The text continues with:
"Note that for most situations, the client instance is pre-configured with which AS to talk to and which kinds of access it needs.
The text is silent on how to handle these other situations.
@aaronpk: You wrote:
we've clarified that the RO does not interact with the RS".
Well, where is this done ?
The current definition of a RO is still the same and does not contain such a restriction:
Resource Owner (RO)
subject entity that may grant or deny operations on resources it has authority upon.

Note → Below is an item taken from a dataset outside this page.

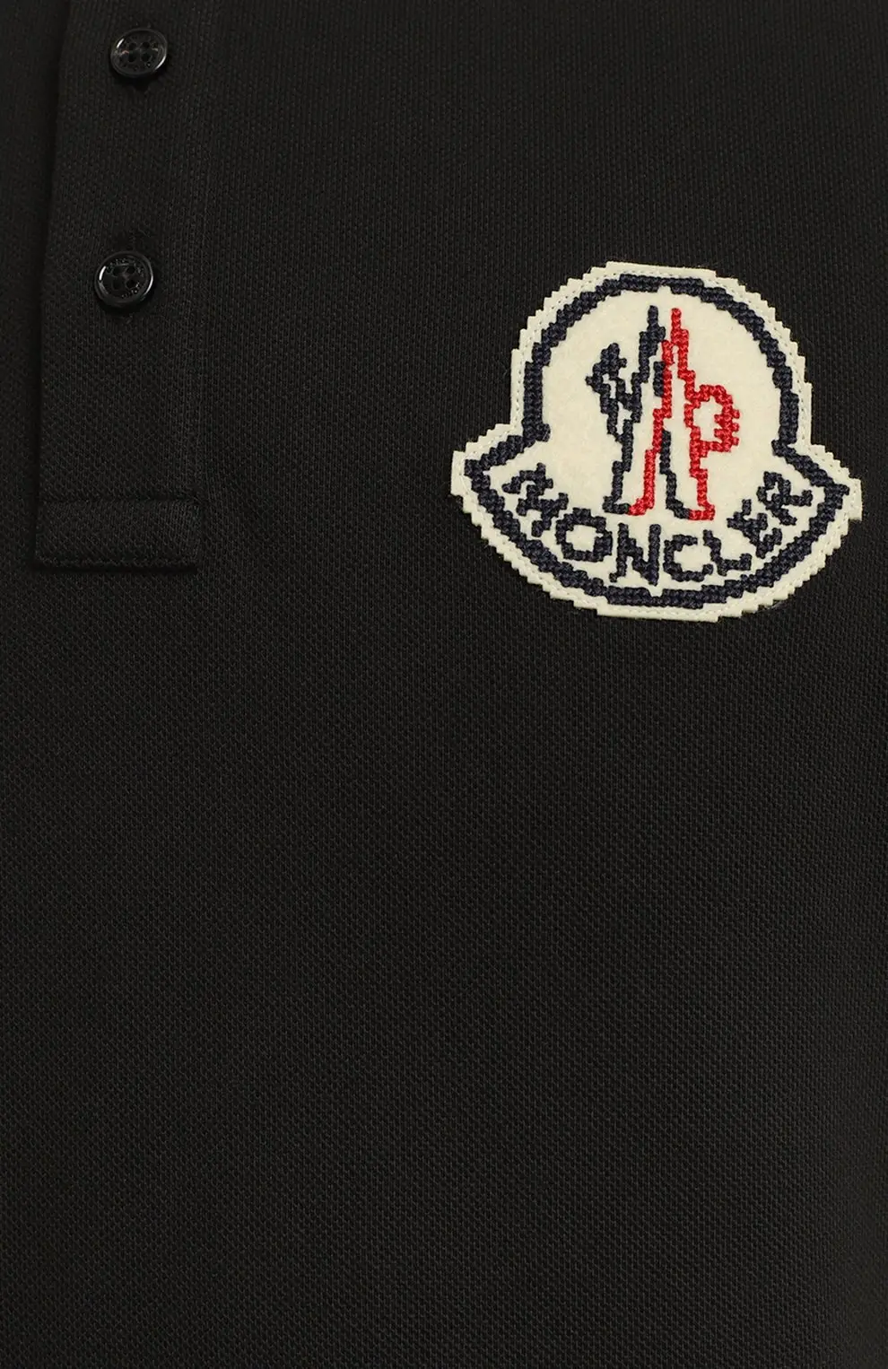 Хлопковое поло Moncler в классическом черном цвете. Модель выполнена из мягкого и дышащего хлопка, имеет традиционный воротник на пуговицах и короткие рукава. На груди размещен объемный фирменный логотип бренда, придающий лаконичному дизайну выразительный акцент.

Note: the act of granting or denying an operation may be manual (i.e. through an interaction with a physical person) or automatic (i.e. through predefined organizational rules).
This definition clearly allows to use both ACLs and Capabilities.
Since the document still does not contain any section about the trust relationships between the different roles, it is impossible in particular to know how ROs at the AS are being established.
In the case where capabilities only are being used:
Q: Can an RS trust more than one AS ? A: I would believe so.
Q: Can an AS trust more than one RO ? A: I would believe so.
Q: What does it trust if for ? A: An AS trusts a RO to deliver access tokens for a set of URLs and to enable a (restricted) set of actions.
Q: Which rules should be established on the RS side to check the access token delivered by an AS ? A: The RS Manager (which I called RO in my previous posts) indicates that access tokens coming from a given AS may only apply to a set of resources (URLs) and only contain a restricted set of actions, otherwise the access token will be discarded.
At the moment, the text is silent about the processing of the access token on the RS side. The text states:
The means of the RS determining this access are out of scope of this specification, but some options are discussed in [I-D.draft-ietf-gnap-resource-servers].,
Except for the case of a call back from the RS to the AS (i.e. Token Introspection), the text remains silent. The case where the RS is able to understand itself the content of the access token should be addressed in the core document.
Q: Should the GNAP model able to handle ACLs ? A: I would believe so.
If this would NOT be the case, this should be clearly advertised before section 1.4.
If it is the case, let us address the case where capabilities are not being used, but where ACLs are being used.
An ACL may contain associated with a set of actions on a resource : subject identifiers, roles, hierarchical group memberships, functional group memberships, clearances, subject attributes, etc ...
Subject identifiers, roles, hierarchical group memberships, functional group memberships, clearances, subject attributes, etc ... can be managed by one or more AS. The AS will deliver such information if the client requests for it and if the end-user consents to the inclusion of such information within an access token.
Such scenario is currently NOT addressed but should be addressed.
The text indicates :
"For example, for a client instance interested in only getting subject information directly, and not calling an RS, all steps involving the RS below do not apply."
A specific figure should cover that case.
The figure placed under section 1.4 should be revisited to support the general case where the RO may interact either with only the RS or with both the AS and the RS.
It should also indicate the optional steps/exchanges that can be performed, in particular a discovery mechanism for both the RS and the AS.
The uses cases that follow are all or mostly covering the case where the resource owner (RO) and the end-user are the same person).
The general case should be first addressed and the specific cases should be addressed afterwards (in particular, the cases where the RO and the end-user are the same person).